Erri de luca, de passage

Posté en tant qu’invité par claudio:

"En grimpant, je me procure un désert provisoire. J’entre dans un lieu vide ou très peu fréquenté, un lieu ou je peux jeter un coup d’oeil sur le vide qui nous a précédés ­ - et qui nous succédera, je vous le promets. Là-haut, je me trouve en situation d’hôte, mais pas d’invité. Et j’appartiens un peu moins à ce temps qui a la présomption d’être résident sur terre, d’être le patron de la terre, de l’air et de l’eau.

Et puis j’ai des sentiments inactuels, comme celui d’être violemment, substantiellement, de passage. Physiquement, évidemment, à la surface des montagnes, mais aussi sur celles des lettres hébraïques : je m’en tiens au caractère littéral des Ecritures, je n’interprète pas. Je crois que ce texte est à prendre ou à laisser, dans son entier. Je n’aime pas descendre dans les profondeurs du sol ou de la mer : je nage, mais je ne plonge pas. Je suis quelqu’un de surface.

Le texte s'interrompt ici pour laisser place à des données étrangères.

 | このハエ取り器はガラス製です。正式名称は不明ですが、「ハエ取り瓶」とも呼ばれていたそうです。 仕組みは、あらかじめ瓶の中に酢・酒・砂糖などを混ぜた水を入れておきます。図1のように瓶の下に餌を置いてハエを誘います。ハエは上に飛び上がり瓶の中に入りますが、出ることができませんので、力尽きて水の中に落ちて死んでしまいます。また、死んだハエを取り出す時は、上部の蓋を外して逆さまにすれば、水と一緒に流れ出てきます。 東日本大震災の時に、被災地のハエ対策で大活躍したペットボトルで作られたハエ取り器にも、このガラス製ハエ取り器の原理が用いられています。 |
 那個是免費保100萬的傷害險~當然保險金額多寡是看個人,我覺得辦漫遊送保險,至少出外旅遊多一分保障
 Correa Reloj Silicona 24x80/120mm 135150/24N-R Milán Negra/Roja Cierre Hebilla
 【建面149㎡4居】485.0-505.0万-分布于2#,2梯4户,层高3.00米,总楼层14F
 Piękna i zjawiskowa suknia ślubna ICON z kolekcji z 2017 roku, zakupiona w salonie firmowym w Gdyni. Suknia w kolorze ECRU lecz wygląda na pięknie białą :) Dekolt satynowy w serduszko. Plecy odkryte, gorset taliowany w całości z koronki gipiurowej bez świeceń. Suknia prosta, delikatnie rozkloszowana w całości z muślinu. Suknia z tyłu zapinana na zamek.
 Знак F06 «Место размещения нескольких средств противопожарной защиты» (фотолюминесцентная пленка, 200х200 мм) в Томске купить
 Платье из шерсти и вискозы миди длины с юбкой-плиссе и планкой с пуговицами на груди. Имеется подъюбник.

Je me sens tellement de passage qu’en montagne, je ne plante jamais de clou. J’utilise ceux des autres, ça oui, mais jamais je n’ai donné un coup de marteau sur une paroi rocheuse. Et quand j’arrive au sommet, une sorte de pudeur m’empêche d’écrire sur le livre qui se trouve parfois là, pour que les alpinistes laissent quelques mots. Je ne veux pas laisser de trace ­ - seulement celle de mes pas, mais en montagne, la neige a tôt fait de les recouvrir, c’est même l’un de ses dangers."